Wir werden die drohende Energieknappheit und die steigenden Preise nur gemeinsam in den Griff bekommen. Gemeinsam bedeutet auch mit den Bürgerinnen und Bürgern, die durch kleine, freiwillige Energiesparmaßnahmen unsere Gasvorräte und ihren eigenen Geldbeutel schonen. Besondere soziale Härten müssen abgefedert werden. Da ist zuallererst die Bundesebene gefragt, die auch schon vieles geleistet hat. Es muss aber weitere Entlastungspakete geben, insbesondere für Rentnerinnen und Rentner und andere Bevölkerungsgruppen mit kleinem Einkommen. Und es ist richtig, dass Bundesarbeitsminister Hubertus Heil die Grundsicherung anheben möchte – wenn es nach mir ginge, lieber sofort und nicht erst Anfang nächsten Jahres. Das Land tut, was es kann. Wir sind in intensiven Gesprächen mit den hiesigen Energieunternehmen, Wohnungsbaugesellschaften, mit den Arbeitgeberverbänden und Gewerkschaften, den Sozialverbänden und den Kirchen. Wir wollen mit Moratorien und mit Härtefallfonds gemeinsam verhindern, dass Menschen in Niedersachsen ihre Wohnung verlieren, die Energie abgeschaltet bekommen oder sich nicht mehr genug zu essen kaufen können. 

 

Ich würde mir für jene Menschen, die nun tatsächlich in Existenznöte geraten, die gleiche Bazooka wünschen, die man während der Pandemie für die Wirtschaft parat hatte. Sie auch?
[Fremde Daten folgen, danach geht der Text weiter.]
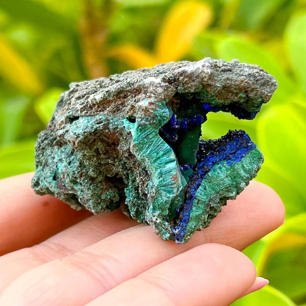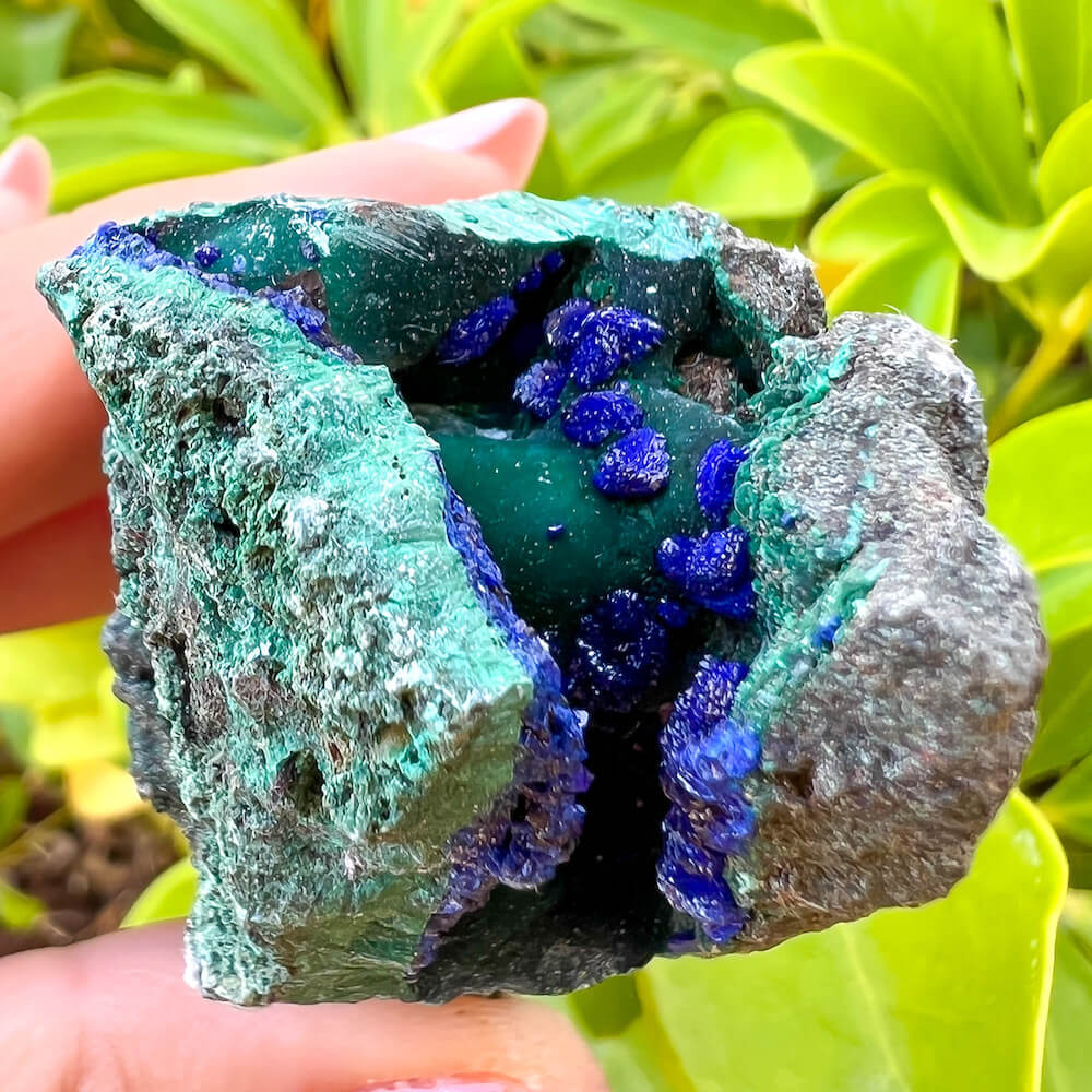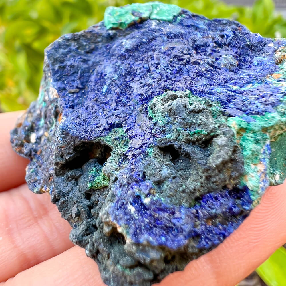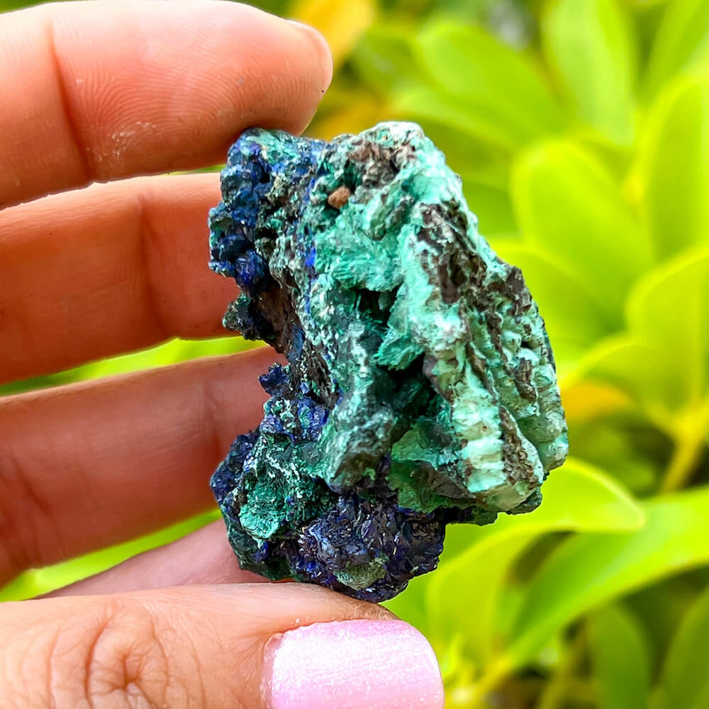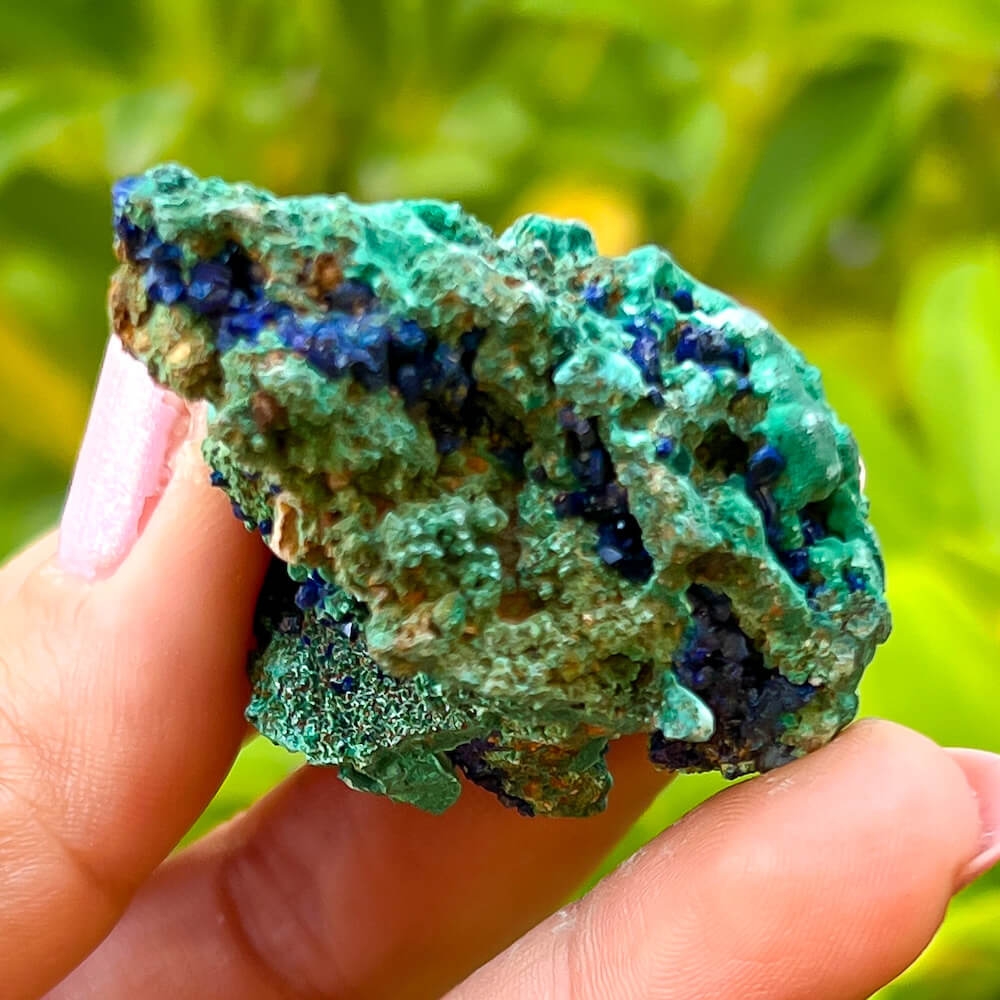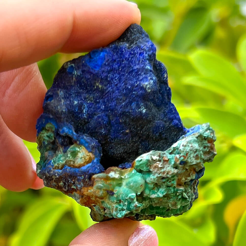 Unidos como azurita-malaquita, se cree que este mineral combina diferentes rasgos, refresca la visión de la vida del usuario y disuelve las características egocéntricas; disipando la presunción, la arrogancia y la vanidad y mejorando la flexibilidad en el movimiento y el pensamiento. Expande la conciencia, crea un equilibrio emocional y activa un escudo protector contra las fuerzas negativas u hostiles.

Ja, und ich hoffe sehr, dass das auch die FDP in der Ampelregierung im Bund einsehen wird. Für viele Menschen, die noch nie einen Cent öffentliche Unterstützung gebraucht haben, geht es jetzt bei der Energiepreisexplosion ans Eingemachte. Dass Friedrich Merz in einer solchen Situation vor neuen sozialen Wohltaten und damit verbundenen höheren Schulden warnt, ist perfide. Wer so redet, lebt offenbar in einer ganz anderen Welt und kann sich finanzielle Not gar nicht mehr vorstellen.